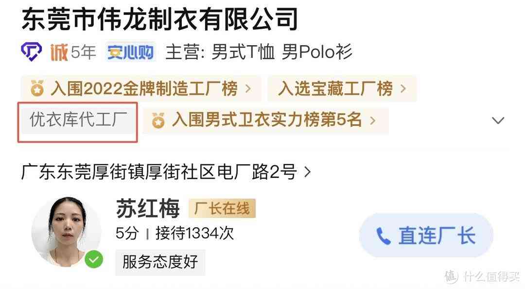 ④优衣库代工厂:东莞市伟龙制衣有限公司
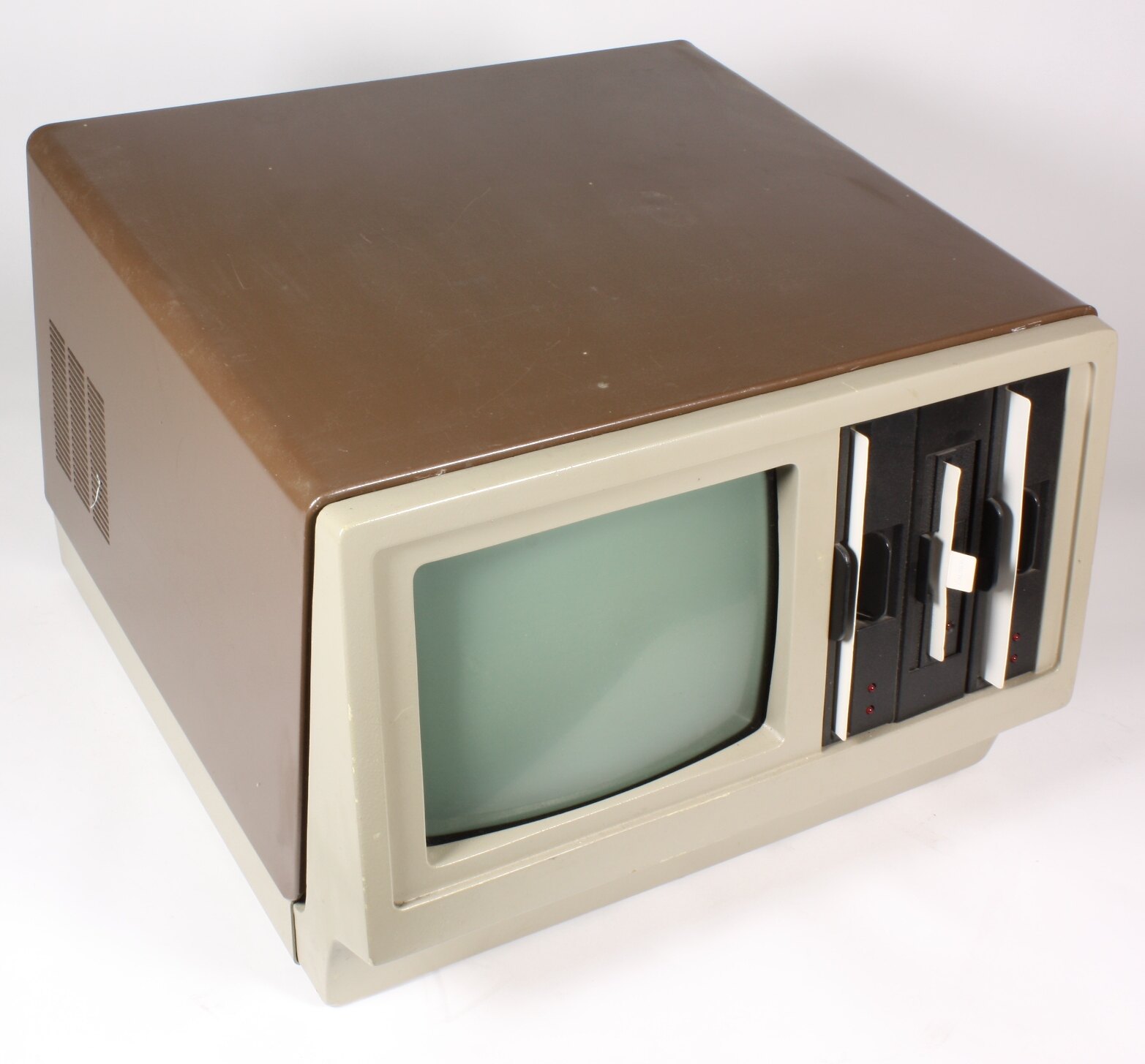 The computer is accompanied by disks and manuals. The computer itself is an integrated unit with screen, two 8" and 5¼ diskette drives in brown and beige single casing. Transport protection cards in each drive.
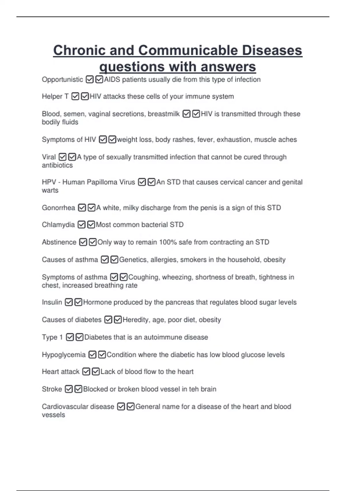 Chronic and Communicable Diseases questions with answers Opportunistic AIDS patients usually die from this type of infection Helper T HIV attacks these cells of your immune system Blood, semen, vaginal secretions, breastmilk HIV is transmitted through these bodily fluids
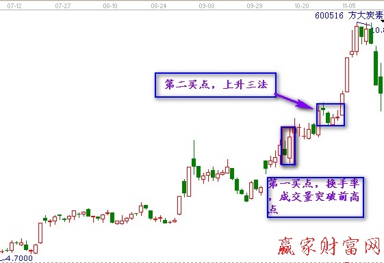 注:這是方大炭素(600516)在2010年11月1日出現(xiàn)上升三法的買點(diǎn)。如果當(dāng)日出現(xiàn)的陽線是漲?;蛘逿字線,成交量和換手率都高于第一個(gè)陽線可以獲得更多的利潤。
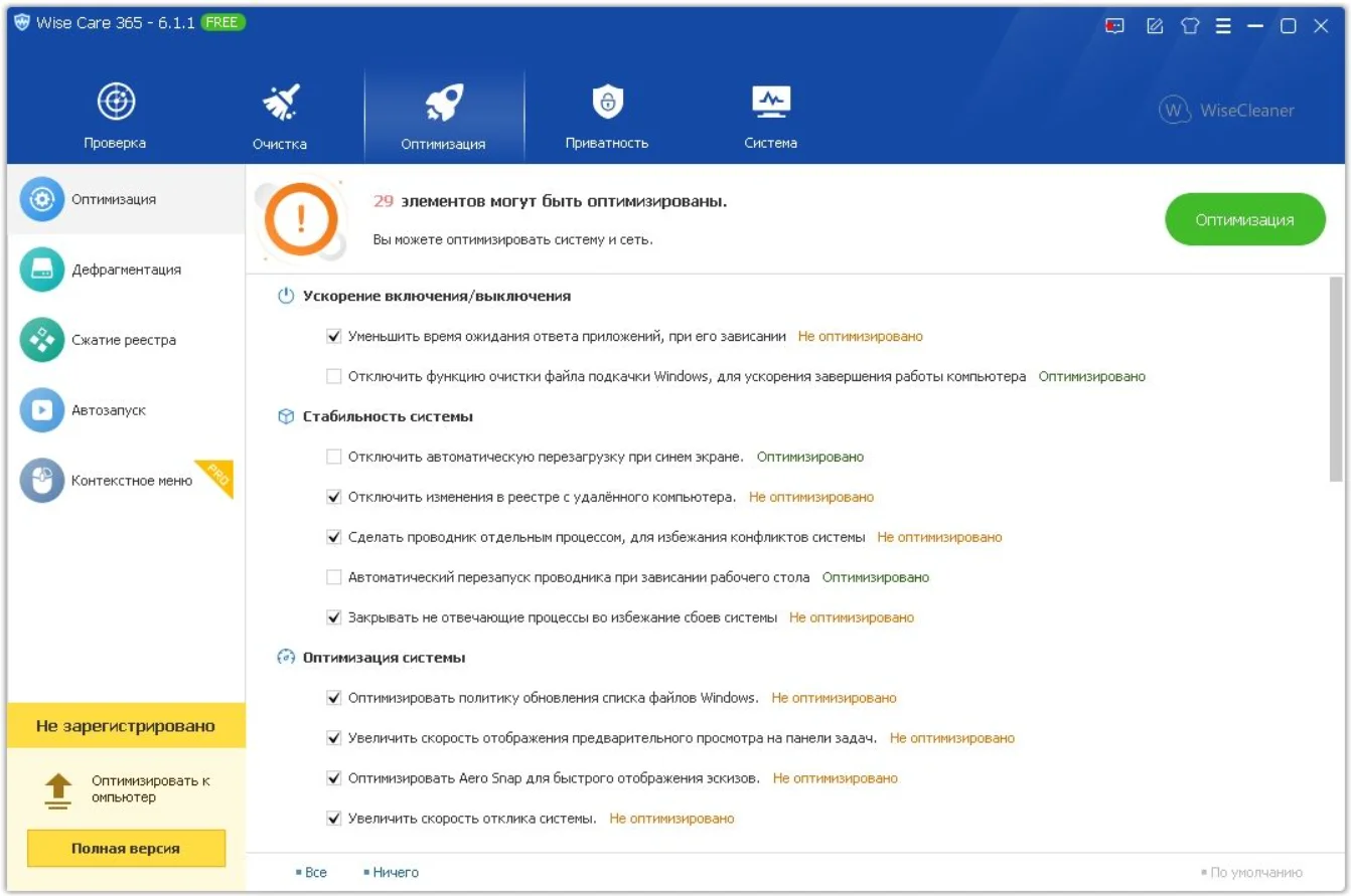 Wise Care 365 V6 используют для оптимизации, настройки и очистки компьютера. Особенность программы — в автоматической оптимизации за один клик. Можно настроить проверку системы по заданному расписанию.
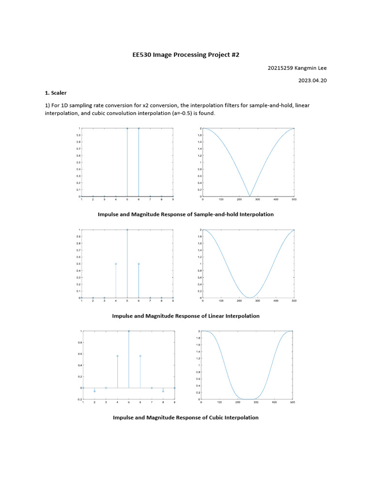 1) For 1D sampling rate conversion for x2 conversion, the interpolation filters for sample-and-hold, linear
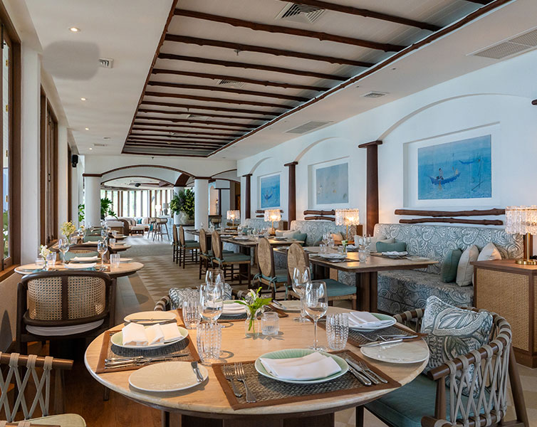 于全新设计的餐厅中,邂逅海岸之韵与地中海美馔的完美融合。 柔和的灰蓝色调与简约优雅的空间设计,营造出宁静而高雅的氛围——无论是浪漫晚餐、家庭聚会,或特别庆典,皆是理想之选。 从精心挑选的家具到舒缓的海景氛围,每一处细节都为宾客带来舒适与愉悦的用餐体验。 伴随迷人景致与惬意气息,细细品味精致的地中海料理,让每一次到访都成为难忘的美好回忆。
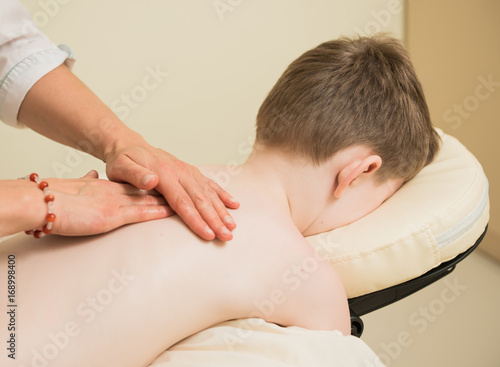 © arts, Fototapeta premium therapist making massage on boy back
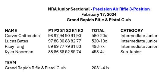 Michigan State Championship 3-Position Outdoor Conventional Smallbore |
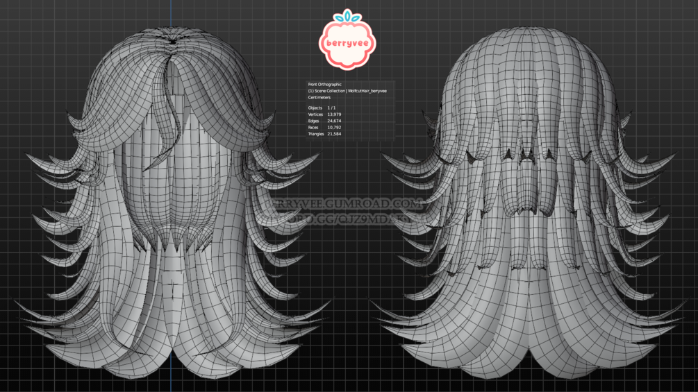 - β All Assets and Avatars sold by berryvee must be properly credited and require hyperlinking to either my Gumroad, Payhip or Discord. [e.g. " Via Hair by berryvee " or " Via Hair by berryvee " ]
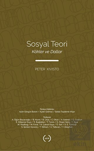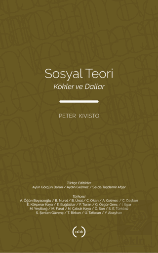 Dallar: Çağdaş Sosyal Teori başlığı altında ise Kivisto, sosyal teoriye damgasını vurmuş İşlevselcilik, Çatışma, Sembolik Etkileşim, Fenomenoloji ve Etnometodoloji, Alışveriş ve Rasyonel Seçim, Feminist, Irk, Etnisite ve Milliyetçilik, Eleştirel Çağdaş Modernite, Yapısalcılık, Postyapısalcılık ve Postmodernite, Dünya Sistemleri ve Küreselleşme Teorileri ile Çağdaş Sosyal Teoride Yeni Yönelimler konularında, anılan isimlere ve onların metinlerine yer veriyor. Böylece başta Robert Merton ve Niklas Luhmann olmak üzere sosyoloji bilimini zenginleştiren C. Wright Mills'ten Charles Tilly'ye, Herbert Blumer'den Harold Garfinkel'e, George C. Homans'dan Peter Blau'ya, Candace West ve Don H. Zimmerman'dan Raewyn Connell'a, Michael Omi ve Howard Winant'den Craig Calhoun'a, Walter Benjamin'den Axel Honneth'e, Norbert Elias'dan Giorgio Agamben'e, Pierre Bourdieu'dan Jean-François Lyotard'a, Immanuel Wallerstein'den Douıglas Kellner'e, Alain Touraine, Steven Seidman ve Manuel Castells'den John Urry'ye kadar birçok teorisyenin kendi metinlerine ulaşmamızı sağlıyor. Sosyal teorinin kökleri ile dalları arasında bağlantılar kurarak bir köprü oluşturan Kivisto'nun bu eseri, kapsamlı bir içerik sunmasıyla da dikkat çekiyor. Yoğun ve titiz bir çalışmayla Türkçeye kazandırılan kitap, sosyal bilimcilere, sosyal bilimlere ilgi duyanlara ve sosyologlara yol gösterici olma niteliğindedir.
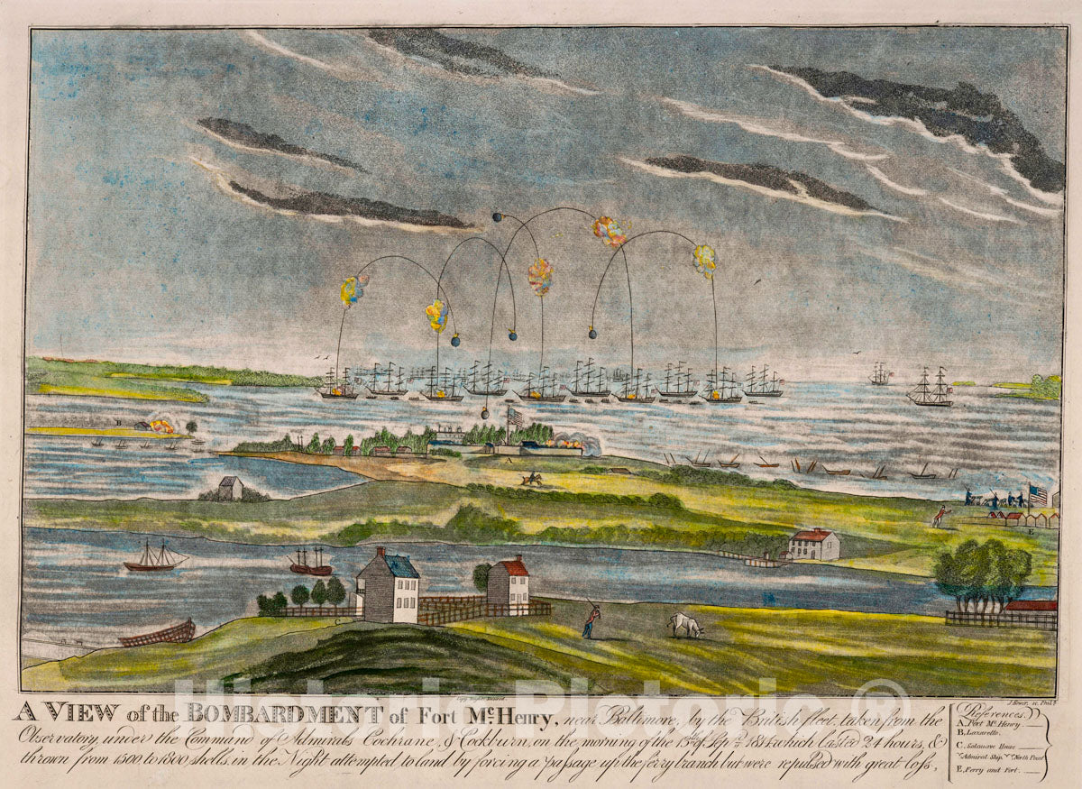Art Print : A View of The Bombardment of Fort McHenry, Near Baltimore, by The British Fleet. - Vintage Wall Art

PROBLEM REQUIREMENTS
Once the pictures are removed, set down what remains of the entries above exactly.

RESPONSE BELOW
 ④优衣库代工厂:东莞市伟龙制衣有限公司
 The computer is accompanied by disks and manuals. The computer itself is an integrated unit with screen, two 8" and 5¼ diskette drives in brown and beige single casing. Transport protection cards in each drive.
 Chronic and Communicable Diseases questions with answers Opportunistic AIDS patients usually die from this type of infection Helper T HIV attacks these cells of your immune system Blood, semen, vaginal secretions, breastmilk HIV is transmitted through these bodily fluids
 注:這是方大炭素(600516)在2010年11月1日出現(xiàn)上升三法的買點(diǎn)。如果當(dāng)日出現(xiàn)的陽線是漲?;蛘逿字線,成交量和換手率都高于第一個(gè)陽線可以獲得更多的利潤。
 Wise Care 365 V6 используют для оптимизации, настройки и очистки компьютера. Особенность программы — в автоматической оптимизации за один клик. Можно настроить проверку системы по заданному расписанию.
 1) For 1D sampling rate conversion for x2 conversion, the interpolation filters for sample-and-hold, linear
 于全新设计的餐厅中,邂逅海岸之韵与地中海美馔的完美融合。 柔和的灰蓝色调与简约优雅的空间设计,营造出宁静而高雅的氛围——无论是浪漫晚餐、家庭聚会,或特别庆典,皆是理想之选。 从精心挑选的家具到舒缓的海景氛围,每一处细节都为宾客带来舒适与愉悦的用餐体验。 伴随迷人景致与惬意气息,细细品味精致的地中海料理,让每一次到访都成为难忘的美好回忆。
 © arts, Fototapeta premium therapist making massage on boy back
 Michigan State Championship 3-Position Outdoor Conventional Smallbore |
 - β All Assets and Avatars sold by berryvee must be properly credited and require hyperlinking to either my Gumroad, Payhip or Discord. [e.g. " Via Hair by berryvee " or " Via Hair by berryvee " ]
 Dallar: Çağdaş Sosyal Teori başlığı altında ise Kivisto, sosyal teoriye damgasını vurmuş İşlevselcilik, Çatışma, Sembolik Etkileşim, Fenomenoloji ve Etnometodoloji, Alışveriş ve Rasyonel Seçim, Feminist, Irk, Etnisite ve Milliyetçilik, Eleştirel Çağdaş Modernite, Yapısalcılık, Postyapısalcılık ve Postmodernite, Dünya Sistemleri ve Küreselleşme Teorileri ile Çağdaş Sosyal Teoride Yeni Yönelimler konularında, anılan isimlere ve onların metinlerine yer veriyor. Böylece başta Robert Merton ve Niklas Luhmann olmak üzere sosyoloji bilimini zenginleştiren C. Wright Mills'ten Charles Tilly'ye, Herbert Blumer'den Harold Garfinkel'e, George C. Homans'dan Peter Blau'ya, Candace West ve Don H. Zimmerman'dan Raewyn Connell'a, Michael Omi ve Howard Winant'den Craig Calhoun'a, Walter Benjamin'den Axel Honneth'e, Norbert Elias'dan Giorgio Agamben'e, Pierre Bourdieu'dan Jean-François Lyotard'a, Immanuel Wallerstein'den Douıglas Kellner'e, Alain Touraine, Steven Seidman ve Manuel Castells'den John Urry'ye kadar birçok teorisyenin kendi metinlerine ulaşmamızı sağlıyor. Sosyal teorinin kökleri ile dalları arasında bağlantılar kurarak bir köprü oluşturan Kivisto'nun bu eseri, kapsamlı bir içerik sunmasıyla da dikkat çekiyor. Yoğun ve titiz bir çalışmayla Türkçeye kazandırılan kitap, sosyal bilimcilere, sosyal bilimlere ilgi duyanlara ve sosyologlara yol gösterici olma niteliğindedir.
Art Print : A View of The Bombardment of Fort McHenry, Near Baltimore, by The British Fleet. - Vintage Wall Art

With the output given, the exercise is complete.